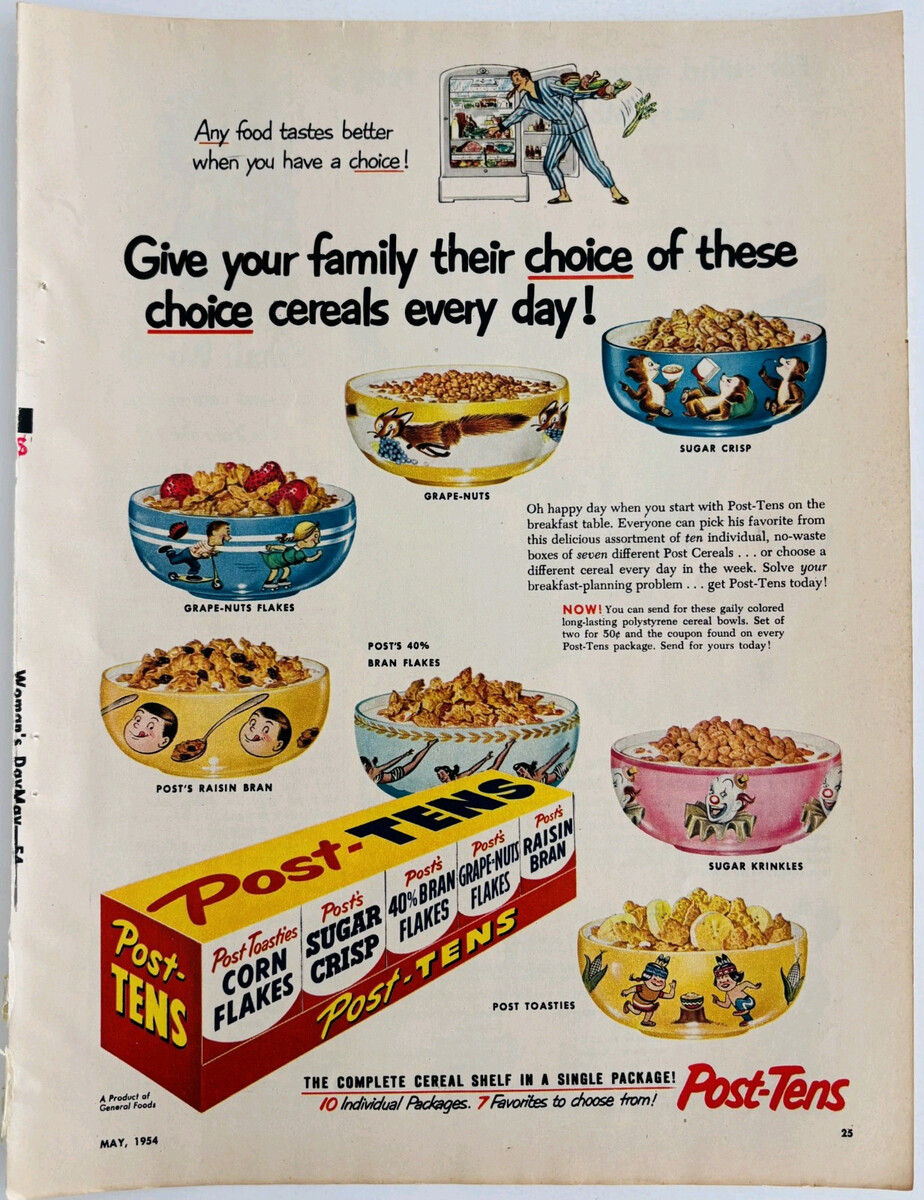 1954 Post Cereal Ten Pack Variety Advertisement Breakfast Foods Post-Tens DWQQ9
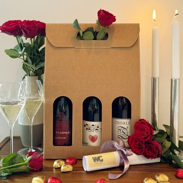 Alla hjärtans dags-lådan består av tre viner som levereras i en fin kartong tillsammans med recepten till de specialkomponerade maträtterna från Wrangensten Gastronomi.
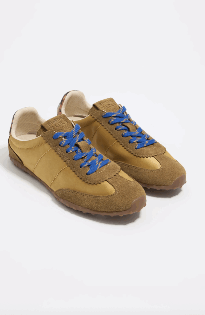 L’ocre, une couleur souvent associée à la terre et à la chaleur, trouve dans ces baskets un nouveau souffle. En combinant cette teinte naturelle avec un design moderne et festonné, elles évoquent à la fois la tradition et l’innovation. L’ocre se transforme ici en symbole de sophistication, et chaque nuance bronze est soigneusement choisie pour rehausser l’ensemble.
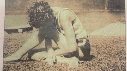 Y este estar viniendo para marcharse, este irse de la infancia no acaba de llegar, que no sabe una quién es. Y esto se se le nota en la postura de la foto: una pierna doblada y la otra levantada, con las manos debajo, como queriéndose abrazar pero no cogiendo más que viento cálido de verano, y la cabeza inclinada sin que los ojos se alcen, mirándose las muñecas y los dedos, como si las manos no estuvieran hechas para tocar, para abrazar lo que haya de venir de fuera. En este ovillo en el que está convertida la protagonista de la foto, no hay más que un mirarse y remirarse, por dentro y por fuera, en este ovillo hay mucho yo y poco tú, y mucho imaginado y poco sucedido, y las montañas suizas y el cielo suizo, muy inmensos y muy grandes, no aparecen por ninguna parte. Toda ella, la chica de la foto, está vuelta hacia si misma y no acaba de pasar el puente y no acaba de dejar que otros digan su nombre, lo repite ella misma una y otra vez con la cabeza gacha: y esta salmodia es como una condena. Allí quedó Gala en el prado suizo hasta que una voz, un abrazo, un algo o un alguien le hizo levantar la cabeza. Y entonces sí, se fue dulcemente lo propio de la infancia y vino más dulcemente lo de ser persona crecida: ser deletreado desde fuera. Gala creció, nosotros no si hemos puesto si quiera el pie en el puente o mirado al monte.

┄┄┄┄┄┄┄┄┄┄

_Exercise objective_
Write the listing above out again word for word, excluding all images.

_Solution for this problem_
 1954 Post Cereal Ten Pack Variety Advertisement Breakfast Foods Post-Tens DWQQ9
 Alla hjärtans dags-lådan består av tre viner som levereras i en fin kartong tillsammans med recepten till de specialkomponerade maträtterna från Wrangensten Gastronomi.
 L’ocre, une couleur souvent associée à la terre et à la chaleur, trouve dans ces baskets un nouveau souffle. En combinant cette teinte naturelle avec un design moderne et festonné, elles évoquent à la fois la tradition et l’innovation. L’ocre se transforme ici en symbole de sophistication, et chaque nuance bronze est soigneusement choisie pour rehausser l’ensemble.
 Y este estar viniendo para marcharse, este irse de la infancia no acaba de llegar, que no sabe una quién es. Y esto se se le nota en la postura de la foto: una pierna doblada y la otra levantada, con las manos debajo, como queriéndose abrazar pero no cogiendo más que viento cálido de verano, y la cabeza inclinada sin que los ojos se alcen, mirándose las muñecas y los dedos, como si las manos no estuvieran hechas para tocar, para abrazar lo que haya de venir de fuera. En este ovillo en el que está convertida la protagonista de la foto, no hay más que un mirarse y remirarse, por dentro y por fuera, en este ovillo hay mucho yo y poco tú, y mucho imaginado y poco sucedido, y las montañas suizas y el cielo suizo, muy inmensos y muy grandes, no aparecen por ninguna parte. Toda ella, la chica de la foto, está vuelta hacia si misma y no acaba de pasar el puente y no acaba de dejar que otros digan su nombre, lo repite ella misma una y otra vez con la cabeza gacha: y esta salmodia es como una condena. Allí quedó Gala en el prado suizo hasta que una voz, un abrazo, un algo o un alguien le hizo levantar la cabeza. Y entonces sí, se fue dulcemente lo propio de la infancia y vino más dulcemente lo de ser persona crecida: ser deletreado desde fuera. Gala creció, nosotros no si hemos puesto si quiera el pie en el puente o mirado al monte.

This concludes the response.